10 years later, Akari is a university student studying to become a veterinary. She sees a poster advertising Susumu's upcoming performance in the city. The pair have a tearful reunion, and they start dating. During this time, she starts to feel that Socks is a constrain to her. She starts to bemoan the sacrifices that she has to make because of Socks. After Akari graduates from university, she becomes a zookeeper at Asahiyama Zoo. Akari seldom returns to her home, and neglects Socks in the process. However, she is reminded of the good friend Socks was when the dog helps Susumu gain enough confidence to play the guitar again after an accident.

As time passes, Socks grows old and feeble. Akari is shocked at how much weaker Socks looks on one of her rare visits home, and promises to visit it often. However, due to her heavy workload, she is unable to fulfill that promise. One day, her father tells her that Socks is dying. She rushes back just in time. As its energy saps away, Akari reads the Ten Commandments of Dog Ownership again to see if she had done what she had promised 10 years ago.

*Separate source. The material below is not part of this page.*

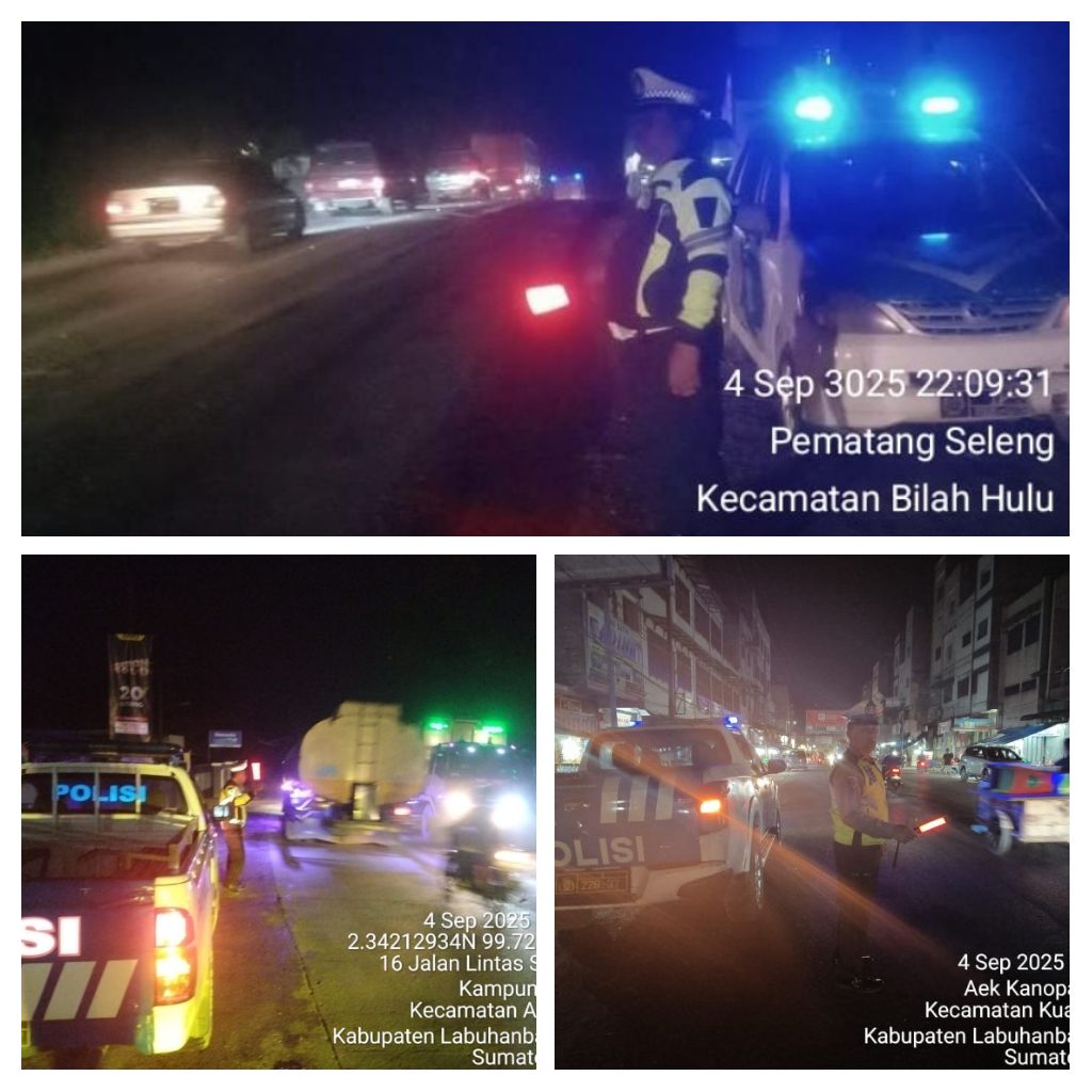 Labuhanbatu, 4 September 2025 – Blusuk.online – Dalam rangka menjaga keamanan dan ketertiban masyarakat pada malam hari, Satuan Lalu Lintas Polres Labuhanbatu yang dipimpin langsung oleh IPTU M. Rizal, S.H., melaksanakan kegiatan Blue Light Patrol (BLP) di sejumlah titik strategis di wilayah hukum Polres Labuhanbatu. Kegiatan dimulai pada pukul 21.00 WIB dan berlangsung hingga larut malam.

After Socks' death, Akari and her father find long-lost photographs of Socks, and a letter from her mother. The letter tells Akari that Socks was meant to replace herself, though she added that Socks will not live as long as Akari. Akari is also reminded of the fact that her father sacrificed his career for her. Not long after, Akari and Susumu get married.

==Cast==
- Rena Tanaka as the adult Akari Saito, a veterinarian at the Asahiyama Zoo.
- Mayuko Fukuda as the young Akari Saito.
- Etsushi Toyokawa as Yuichi Saito, Akari's father
- Shota Sato as the young Susumu Hoshi, Akari's childhood friend
- Ryo Kase as the adult Susumu Hoshi, a distinguished guitarist who later opens his own music school. Susumu later married Akari.
- Chizuru Ikewaki as Yuko Inoue, Akari's best friend in university. She later become a sales clerk at a departmental store.
- Reiko Takashima as Fumiko Saito, Akari's mother. She died due to an incurable disease.
- Akira Fuse as Shinichi Hoshi, Susumu's father. He is a professional guitarist like his son.
- Akiko Aitsuki as Susumu's mother
- Akane Osawa
- Takashi Sasano
- Pierre Taki as the zookeeper
- Mina Fujii as the passerby who takes a photo of Akari and her mother
- Hana Ebise

==Production==
10 Promises to My Dog is based on a novel by Hare Kawaguchi. This novel was in turn inspired by a set of rules entitled "The Ten Commandments of Dog Ownership".

==Reception==
Kevin Ma, reviewer for Love HK Film.com, describes director Katsuhide Motoki's approach to the story "very low-key and matter-of-fact", and added that "it almost feels like he decided to tell the story in a way that any director-for-hire would". He also criticized some of the characters. In particular, he said that Rena Tanaka "barely registers as the central character" and that "Ryo Kase fares even worse [than Rena Tanaka], but mostly because of his poorly-written plot device of a character than his acting skills in general." However, he did praise the child actors, saying that Mayuko Fukuda gives "the best performance as the child Akari". He also praised the ending of the film, describing it as "emotionally powerful and yet brilliantly understated". Yahoo! Japan holds the film with a review of 3.30 points (stars) out of 738 reviews.